* [Records for this exercise]:
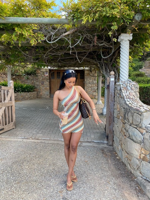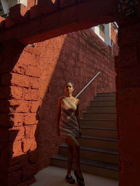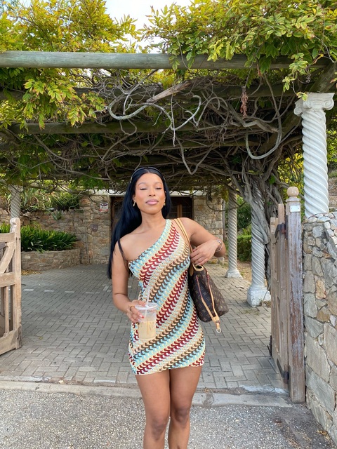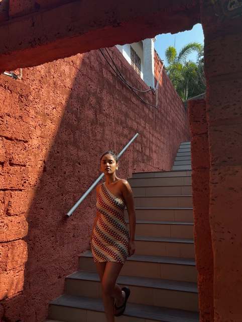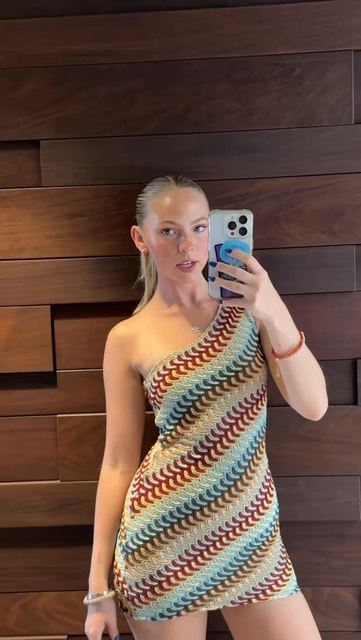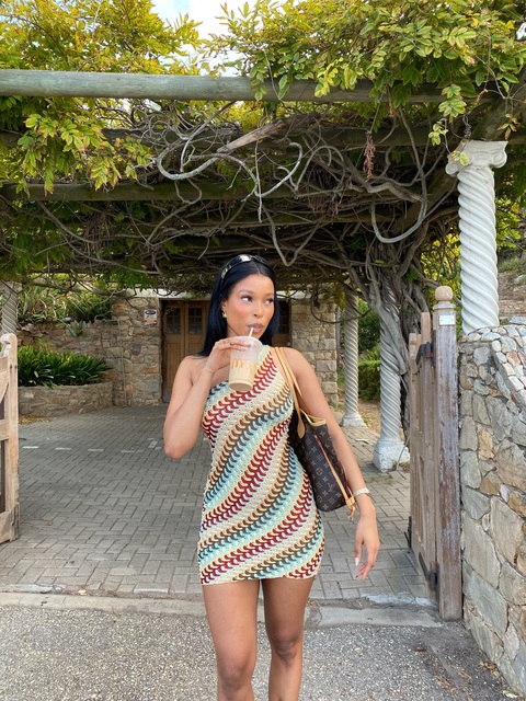 This one-shoulder chevron knit dress is my new vacation essential! The stretchy fabric hugs my body perfectly, and the wavy, warm-toned pattern pops against bright, sunny backdrops like this red wall. I wore it exploring a coastal town and got compliments from locals all day.
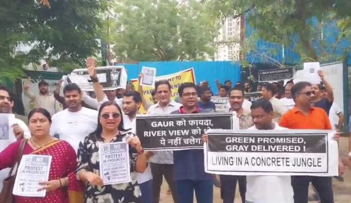 Greater Noida West: In a significant development, the residents of River View Apartments in Greater Noida West have decided to temporarily suspend their ongoing protest following a meeting with the Office of the Supreme Court-appointed Receiver (CR) held on June 28, 2025. Representatives from the Apartment Owners’ Association (AOA) and an official from NBCC were present during the meeting.
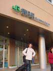←旅の記念写真の定番。駅の看板の前でNOVAうさぎのポーズをするK嬢。何かが違う。手の角度?腰のひねり?要練習です(笑)。 |
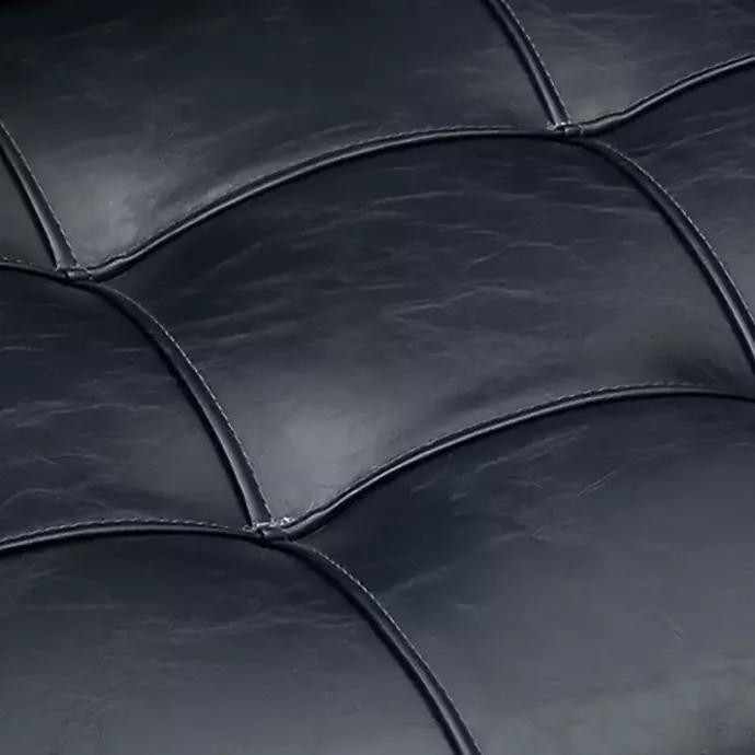 - Upholstered in a navy blue faux leather fabric
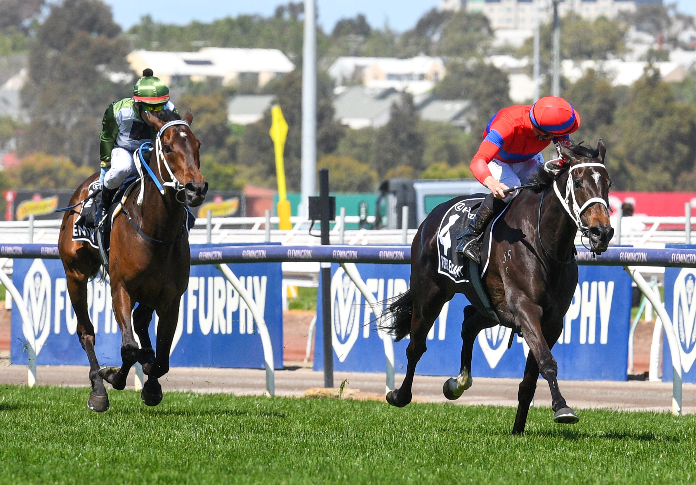 Under Racing Victoria (RV) and Victoria Racing Club COVID-19 protocols, the area is strictly reserved for jockeys, trainers, media and other race-day officials.
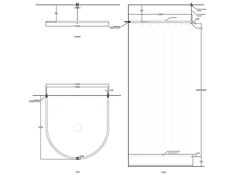 CIELO I CATINI CAAS Душевая штанга для душевого поддона, . регулируется по высоте. Рекомендуем используя 2 шторы шириной 150 см и высотой 220 или 240 см. Во избежание утечки воды рекомендуется убедиться, что занавеска висит внутри душа.
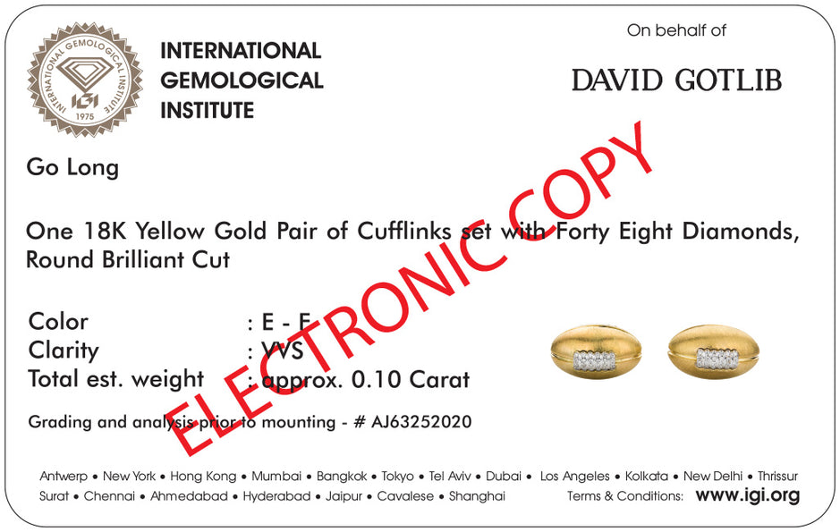 Every pair of cufflinks is delivered in our distinctive premium box, accompanied by its IGI certificate, ensuring unparalleled quality and authenticity.
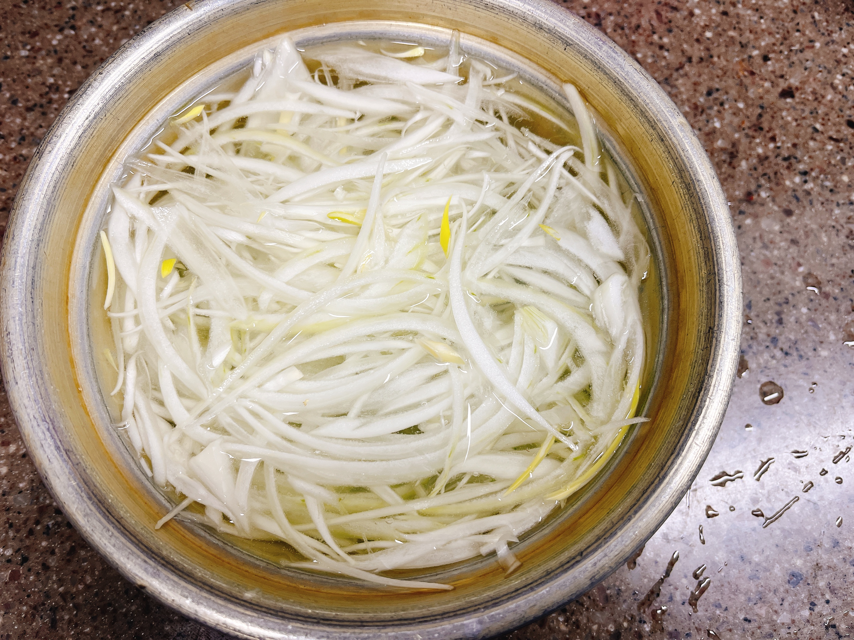 얇게 채썰어 찬물에 담궈뒀어요
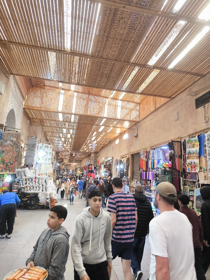 The image displays a bustling, covered market alleyway, identified as a souk in Marrakesh, Morocco
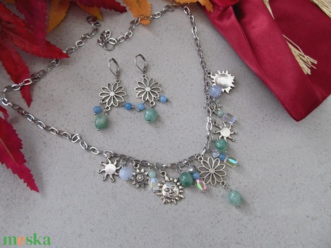 „Harmónia varázsa” charm ékszerszett – különleges kézműves alkotás akvamarin és aventurin kövekkel
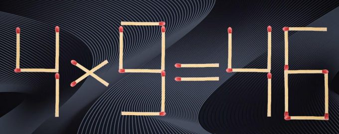 Spodaj je prikazana slika, na kateri je primer z ugankami. Na njej je zapisano, da 4 krat 9 pomeni odgovor 46. Tvoja naloga je, da premakneš le dve vžigalicah v tem primeru, da bo postal pravilen.
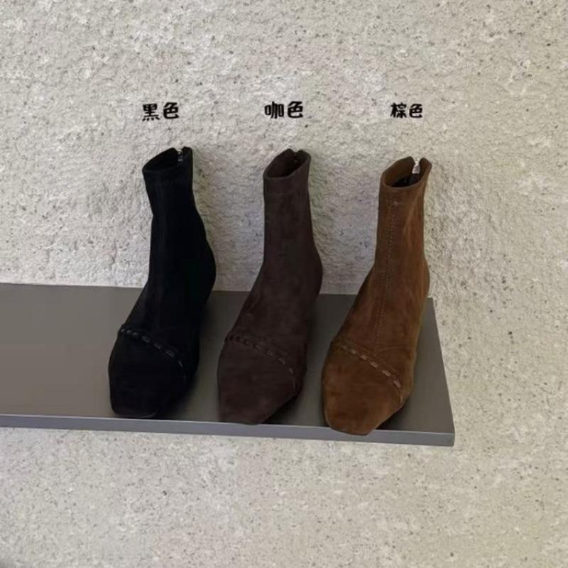 Retro inner heightening pointed versatile short boots early autumn new thin boots small bare boots fashion short boots women
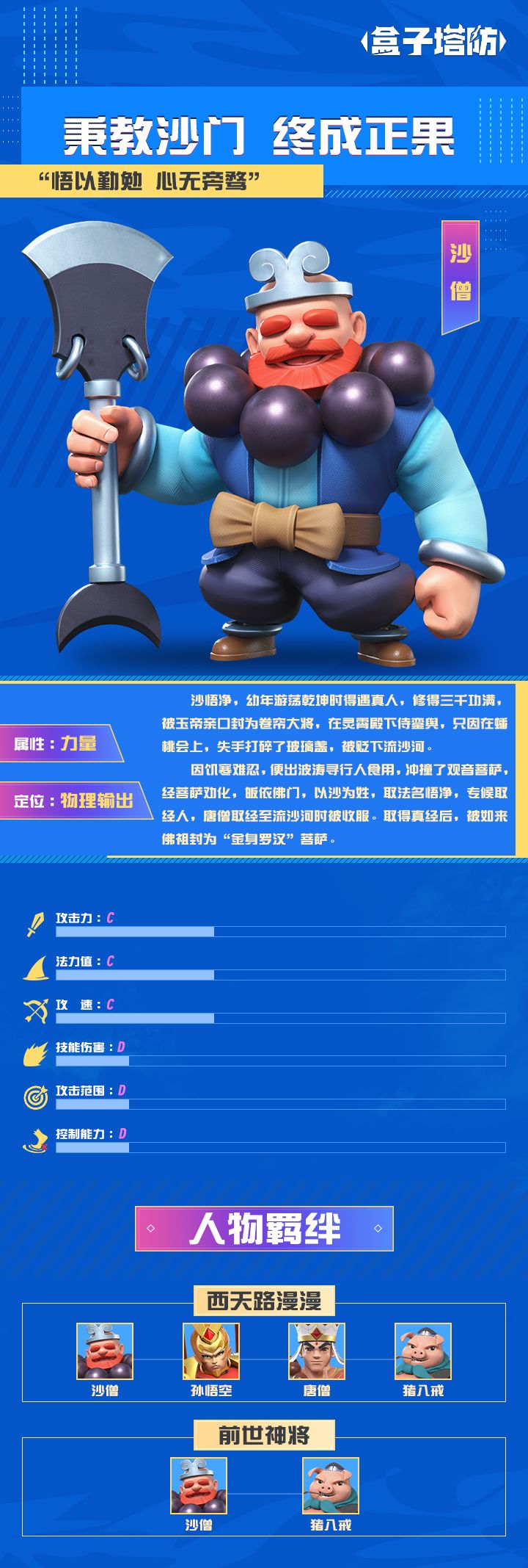 亲爱的小伙伴们: 今天带来蓝色英雄「沙僧」详情介绍: 技能展示: 释放一段海浪,对直线敌人造成物理伤...

* [About this task]: Please set down the lines above word for word and leave out the pictures.

* [Task response]:
 This one-shoulder chevron knit dress is my new vacation essential! The stretchy fabric hugs my body perfectly, and the wavy, warm-toned pattern pops against bright, sunny backdrops like this red wall. I wore it exploring a coastal town and got compliments from locals all day.
 Greater Noida West: In a significant development, the residents of River View Apartments in Greater Noida West have decided to temporarily suspend their ongoing protest following a meeting with the Office of the Supreme Court-appointed Receiver (CR) held on June 28, 2025. Representatives from the Apartment Owners’ Association (AOA) and an official from NBCC were present during the meeting.
←旅の記念写真の定番。駅の看板の前でNOVAうさぎのポーズをするK嬢。何かが違う。手の角度?腰のひねり?要練習です(笑)。 |
 - Upholstered in a navy blue faux leather fabric
 Under Racing Victoria (RV) and Victoria Racing Club COVID-19 protocols, the area is strictly reserved for jockeys, trainers, media and other race-day officials.
 CIELO I CATINI CAAS Душевая штанга для душевого поддона, . регулируется по высоте. Рекомендуем используя 2 шторы шириной 150 см и высотой 220 или 240 см. Во избежание утечки воды рекомендуется убедиться, что занавеска висит внутри душа.
 Every pair of cufflinks is delivered in our distinctive premium box, accompanied by its IGI certificate, ensuring unparalleled quality and authenticity.
 얇게 채썰어 찬물에 담궈뒀어요
 The image displays a bustling, covered market alleyway, identified as a souk in Marrakesh, Morocco
 „Harmónia varázsa” charm ékszerszett – különleges kézműves alkotás akvamarin és aventurin kövekkel
 Spodaj je prikazana slika, na kateri je primer z ugankami. Na njej je zapisano, da 4 krat 9 pomeni odgovor 46. Tvoja naloga je, da premakneš le dve vžigalicah v tem primeru, da bo postal pravilen.
 Retro inner heightening pointed versatile short boots early autumn new thin boots small bare boots fashion short boots women
 亲爱的小伙伴们: 今天带来蓝色英雄「沙僧」详情介绍: 技能展示: 释放一段海浪,对直线敌人造成物理伤...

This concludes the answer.